Berikut ini beberapa tema pendidikan yang sesuai dengan perkembangan ( Bredekamp &
Copple, 1997 ):
1) Bidang perkembangan anak- fisik, kognitif, dan sosio emosional-memilikihubungan yang erat.
Perkembangan dalam satu bidang bisa mempengaruhi dan dipengaruhi oleh perkembangan
dalam bidang-bidang lain.
2) Perkembangan terjadi dlam satu urutan yang relatif teratur dengan kemampuan.

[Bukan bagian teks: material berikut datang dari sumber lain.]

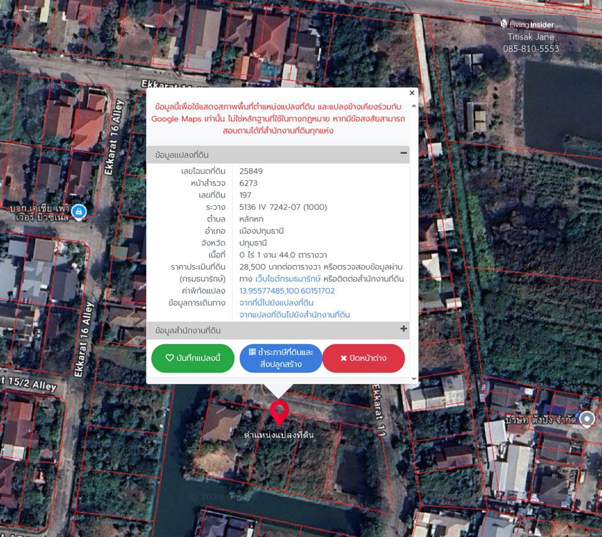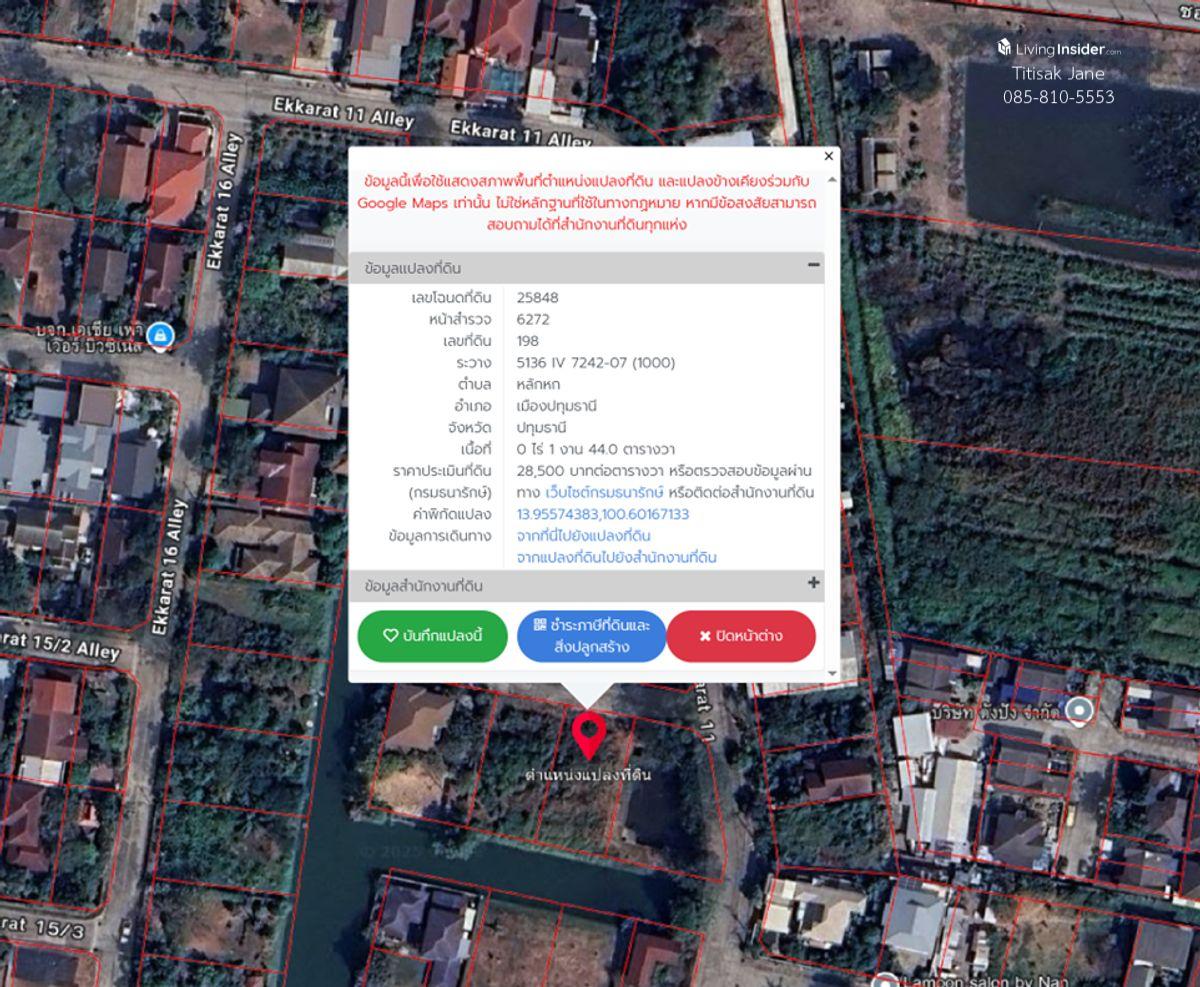 ขายที่ดิน แปลงสวย หลังติดน้ำ ขนาด 144 ตรว. มี 2 แปลงติดกัน หมู่บ้านเมืองเอก ม.รังสิต โครงการ 3 ซอยเอกรัตน์ 11 ราคาดีที่สุดในโครงการ ขายเพียง 3.2 ล้านต่อแปลงเท่านั้น (22,222 บาทต่อตรว.) ขายต่ำกว่าราคาประเมินเยอะมากๆ ราคาประเมินราชการ 28,000 บาท/ตรว. 22,222 บาทต่อตรว. ***รายละเอียดที่ดิน*** +ที่ดินมี 2 แปลง ติดกัน สี่เหลี่ยมผืนผ้า ขนาด 144 ตรว. เท่ากัน ขายแยก และขายรวมทั้ง 2 แปลงก็ได้ +ขายแปลงละ 3,200,000 บาท หรือ 22,222 บาทต่อตรว. ราคาดีที่สุดกับทำเลดีสุดๆ บรรยากาศดีมาก สงบเงียบ +ขายต่ำกว่าราคาประเมินเยอะมากๆ ราคาประเมิน 28,000 บาทต่อตรว. +ขนาดที่ดินต่อแปลง หน้ากว้างประมาณ 16.5 ลึกประมาณ 35 เมตร ขนาดกำลังสวยเลยครับ +ด้านหน้าติดถนนหมู่บ้าน ด้านหลังติดน้ำทั้ง 2 แปลง ทำเลดีมากๆ เป็นโซนที่ราคาแพงมาก แต่ขายถูกมากที่สุด +ที่ดินหันหน้าทิศตะวันออกเฉียงเหนือ +ระดับที่ดินเสมอถนนโครงการ ไม่ต้องถม ดินแน่นมาก หรือจะถมเพิ่มทีหลังก็ได้ครับ +เหมาะสร้างบ้าน สร้างออฟฟิต โลเคชั่น ที่ตั้งที่ดิน : https://maps.app.goo.gl/r615enH6KPwWYsS38 ***การเดินทางสะดวกสบาย เข้า-ออกได้หลายเส้นทาง เช่น ถ.พหลโยธิน,ถ.สรงประภา,ถ.วิภาวดีรังสิต,ถ.ซ่อมสร้าง ***สถานที่ใกล้เคียง : - ตลาดสัมมากร - ตลาดรังสิต - ตลาดสี่มุมเมือง - ม.รังสิต - ม.กรุงเทพ - ตลาดไท - สถานีรถไฟฟ้ารังสิต-สายสีแดง - แม็คโคร - สนามบินดอนเมือง - ฟิวเจอร์พาร์ครังสิต - รพ.แพทย์รังสิต - รพ.วิภาวดี - รพ.เปาโล - ห้างเชียร์รังสิต ขาย หมู่บ้านเมืองเอกโครงการ 3 ถนนพหลโยธิน ปทุมธานี สนใจติดต่อ ผมเจน นายหน้าอสังหาริมทรัพย์มืออาชีพ คลิกเพื่อดูเบอร์โทรติดต่อ

Keterampilan,
dan pengetahuan yang berikutnya terbentuk di atas yang telah dipelajari.
3) Variasi individu mencirikan perkembangan anak
4) Perkembangan dipengaruhi oleh banyak konteks sosial dan budaya.
5) Anak-anak adalah pelajar yang aktif dan harus didorong untuk membentuk suatu pemahaman
tentang dunia di sekeliling mereka.
6) Perkembangan mengalami kemajuan ketika anak-anak memiliki kesempatan untuk melatih
keterampilan yang baru dipelajari dan ketika mereka mengalami sebuah tantangan di luar tingkat
penguasaan mereka saat ini.
7) Anak-anak berkembang denga sangat baik dalam lingkungan dimana mereka merasa aman
dan dihargai, kebutuhan fisik mereka terpenuhi, dan mereka merasa aman secara psikologis.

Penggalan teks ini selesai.